Mixed-use development emerged in the 1990s and the 80ha town centre site was enlarged to allow for a graduation of urban change, with mixed-use areas buffering the major retail centre from suburban housing.
“We took the decision back in the 1996 amendment to increase the size of the town centre to 150 hectares to give us land to address what was an emerging trend,” Mr Murphy said.
“That is important when that concerns projects you do a lot of years ahead; you need room to change and the canvas to work with.”
Experience
Mr Murphy acknowledges one of the challenges of working with a blank sheet to start a 30-year project was that it came with inherent risks of getting things wrong and picking a direction that might have negative consequences over such a period.
He said it had been important from the start to gather a team of people who had studied the specialist skills required across the whole gamut of urban development.
Mr Murphy said the LWP team also spent a great deal of time learning from the best.
Overseas study tours were taken and expert offshore companies were used to review the opportunities that LWP had before it.
“Over 30 years we have constantly sought out the latest trends in urban development,” he said.
“We continually tested the project’s currency with market trends; the project has continued to be recognised in awards, notwithstanding development commenced in October 1994.”
Aside from mixed-used development, Mr Murphy points to Ellenbrook’s leadership in recent years in the development of micro-blocks, offering lots as small as 80 square metres at the heart of the development to provide affordability and improve density around transport nodes.
The push towards density came as housing affordability reached a crisis point during the latter stages of the mining boom and affected property prices accordingly.
That issue prompted the state government to allow block sizes below the previous allowed minimum of 120sqm and the WA Planning Commission agreed to LWP trialling its smaller block sizes in late 2015.
Mr Murphy said that innovation had been received well by the market.
He believes the ability to innovate has been critical to the acclaim the project has earned.
The LWP founder is clearly proud of the numerous state and national awards, plus the 2015 World Prix D’Excellence Award for Masterplan Communities awarded by FIABCI, the international real estate federation.
Expansion
The lessons learned at Ellenbrook have not been in isolation.

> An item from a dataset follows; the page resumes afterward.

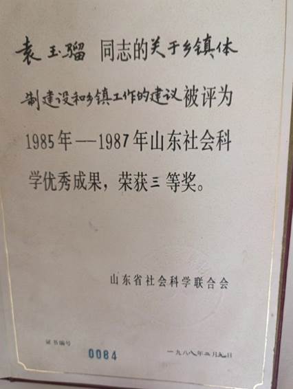 1988年二月份,当我的《关于乡镇体制建设和乡镇工作的建议》被评为1985年-1987年山东社会科学优秀成果三等奖之时,我也被免去乡党委书记职务,调到县委党史委任副主任,虽然半年后又明确为主任,但我知道,我的政治前途到此为止了。

LWP has, over the years, expanded into each of Perth’s major development corridors.
Its portfolio includes 3,500 lots in Byford called The Glades, 2,600 lots in the greater Alkimos area marketed as Trinity, and 3,500 lots at Banksia Grove in Wanneroo, which are 50, 75 and nearly 100 per cent completed, respectively.
The last of these came with the 2019 merger of LWP and PRM Property Group, which effectively boosted the company by one third.
Three years since that amalgamation, the integration has settled to the point that Mr Murphy is comfortable to step away from his executive role at the end of the year to become non-executive chair, leaving the day-to-day management to managing director Brendan Acott, who came from PRM.
In land terms, these projects are relatively mature, especially when Ellenbrook is add to the tally.
As a result, LWP’s focus has shifted east, where it has a 7,500-lot development in the Hunter Valley in NSW.
But LWP is evolving in more than just a geographic sense.
In some ways it is back to the future, as Mr Acott’s leadership has taken the business into the direct investment of built-form development in the most significant sense since the early days of Ellenbrook.
An example Mr Murphy provides is a childcare centre in Southern River.
“We are much more active, rather than just selling sites,” Mr Murphy said.
“When you look at Perth, big parcels of land will not become available.
“We have to adjust as a result.
“For our investor side, we are taking capital that might have been available purely for land and providing opportunities in built form.
“For them, it broadens their investment profile with us.”
Delivery
The final stage of Ellenbrook is nearly complete and within a couple a years will meet much of what was promised in the original prospectus published three decades earlier.
Not many businesses can claim as much.
While Ellenbrook may end up a little shy of the original prospectus vision of 12,000 homes and 35,000 residents, that appears more a result of tinkering with the planning, such as expanding the town centre, rather than from demographic changes.
In fact, the average people per household in Ellenbrook remains the same from the 1993 prospectus to 2021 census.
Perhaps a bigger difference is the value.
Almost 30 years ago, Richard Court projected it would be worth $1.5 billion.
With inflation considered, that ought to be around double at $3 billion in today’s dollars, however, Mr Murphy estimates the end value of the project will be about $5 billion.
“The first 500 square metre lots were sold at $55,000 in 1995,” he said.
“The same lots today would be at $275,000.”
There will also be a train line. Not even a promise in the original prospectus, beyond a small image on the front page, it will be a multi-billion-dollar reality in time for the next election.
And, of course, Mr Murphy will no longer be executive.
“Come Christmas time I will step down from the executive role and remain chair,” he said.